Portuguese is the official national language, and thus the primary language taught in schools. But English and Spanish are part of the official high school curriculum. As of 2010, the rate of formal schooling is 97.3% between the age of 6 and 14 years old. The basic education system has 65.065 enrolled and the middle/high school system has 18,140 students as of 2018.

===Colleges and universities===
- Universidade Estadual de Londrina (UEL) – "Londrina State University"
- Universidade Tecnológica Federal do Paraná (UTFPR) – "Federal University of Technology – Paraná"
- Pontifícia Universidade Católica do Paraná (PUC-PR) – "Pontifical Catholic University of Paraná"
- Universidade Norte do Paraná (UNOPAR) – "North Paraná University"
- Centro Universitário Filadéfia (UniFil) – "Filadélfia University Center"
- Faculdade Pitágoras – "Pitágoras College"
- Faculdade Arthur Thomas (FAAT) – "Arthur Thomas College"
- Faculdade Teologica Sul Americana (FTSA) – "South American Theological College"

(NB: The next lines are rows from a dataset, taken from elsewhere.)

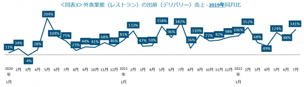 外食業態計(レストラン計)の出前(デリバリー)売上2019年同月比をみると(図表3)、プラス成長が続いています。デリバリー増加のピークは2020年5月の204%増ですが、その後も2ケタ増が続き、特に2021年2月(133%増)、同5月(158%増)、同7月(182%増、2022年は、2月(152%増)、5月(124%増)が特に大きく伸びました。7月も、同141%増と3桁の伸びでした。
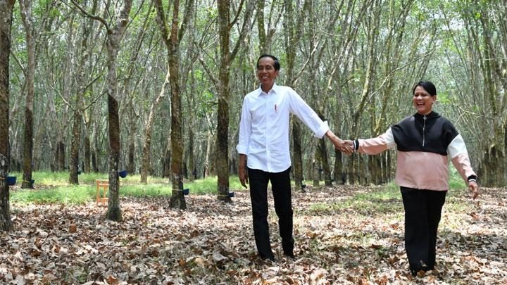 TERASLAMPUNG.COM — Presiden Joko Widodo dan istri, Iriana Jokowi, memamerkan kemesraannya di hadapan awak media. Jokowi menggandeng sang istri di tengah hutan karet di kawasan Banyuasin, Sumatera Selatan.
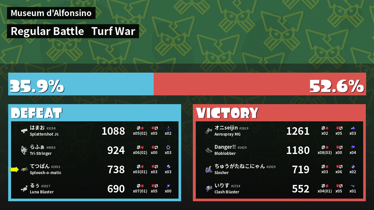 | 真夏の雪だるま はまお #3158 |  Splattershot Jr.     | 1,088 | 3 + 2 | 5 | 0.60 |  2 | |
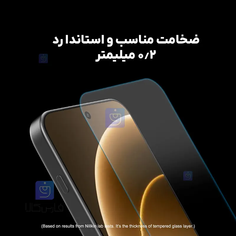 ضخامتی که برای این گلس نیلکین در نظر گرفته شده است حدود 0.2 میلیمتر می باشد که نسبت به محافظ های دیگر از ضخامت مناسبی برخوردار است البته ضخامت کم این محافظ دلیل بر ضعف آن در برابر ضربه نمی باشد زیرا برند نیلکین در ساخت این محصول از چند لایه محافظتی مختلف استفاده کرده است که هر کدام ویژگی و عملکرد خاص خود را دارند تا در کنار ضخامت استاندارد بالاترین عملکرد دفاعی را نیز از این محافظ شاهد باشیم .
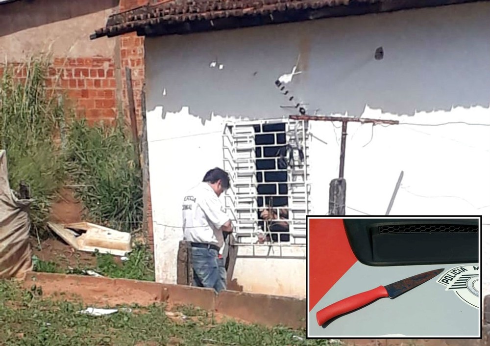 Crime ocorreu na casa da vítima. No detalhe, a faca usada.Ainda segundo informações do boletim de ocorrência, Carlos Roberto estaria sozinho na cela quando foi encontrado sem vida. Consultada, a Secretaria de Administrações Penitenciárias (SAP) ainda não se manifestou sobre o caso.
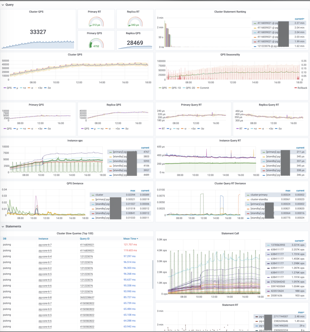 PG全局监控 PG Shard监控 PG集群监控 PG实例监控 PG实例监控(故障排查专用视图) PG节点监控 PG慢查询平台 Redis全局概览 Redis集群监控 Redis实例监控 PG集群健康度评估系统
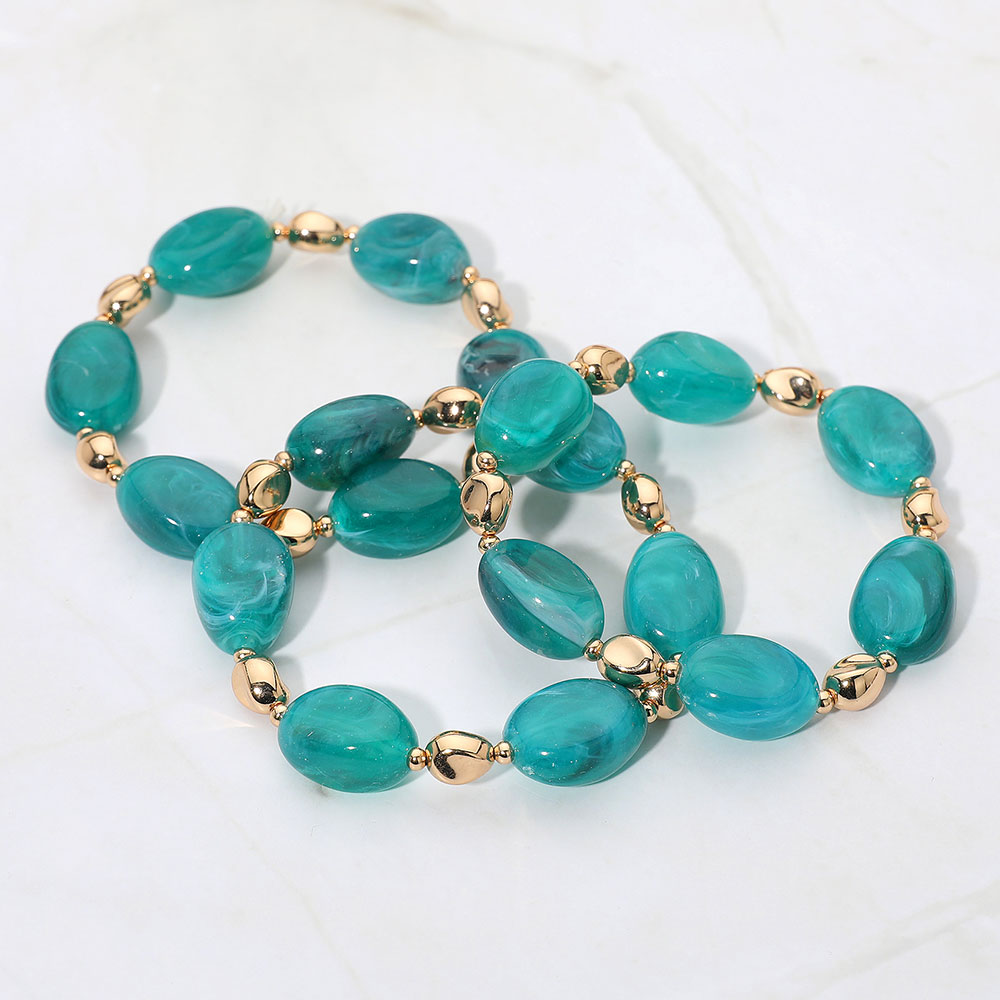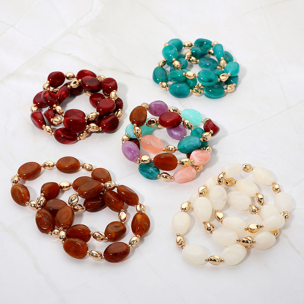 3PCS - Oval Pebble Beaded Stretch Multi Layered Bracelet
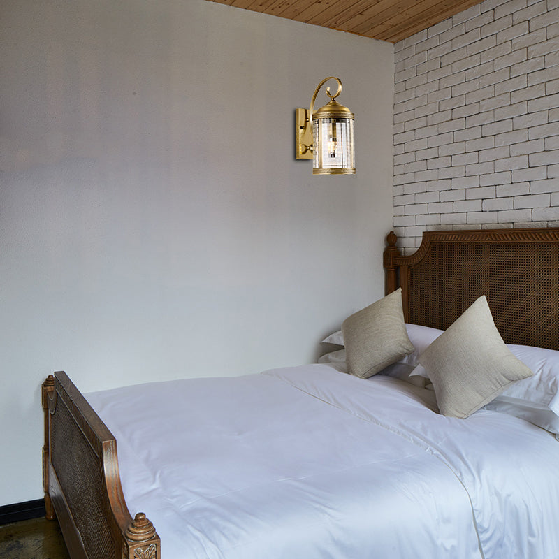 Applique murale traditionnelle en métal doré avec abat-jour en verre transparent pour porche

==Metropolitan region of Londrina==
Instituted by State Complementary Law 81 on 17 June 1998, the Metropolitan Region of Londrina includes the cities of Londrina, Cambé, Ibiporã, Sertanópolis, Bela Vista do Paraíso, Jataizinho, Rolândia, Tamarana, and Arapongas, totaling 750,000 inhabitants.

==Religion==
The city is the seat of the Roman Catholic Archdiocese of Londrina. The city is also home to two stakes of the Church of Jesus Christ of Latter-day Saints as well as the headquarter of the Brazil Londrina Mission, which encompasses northern Paraná and parts of São Paulo.

==Sports==
The city's football clubs include Londrina Esporte Clube, founded in 1956, and the Associação Portuguesa Londrinense founded in 1950. They play at Café stadium, a 45,000 spectator capacity stadium.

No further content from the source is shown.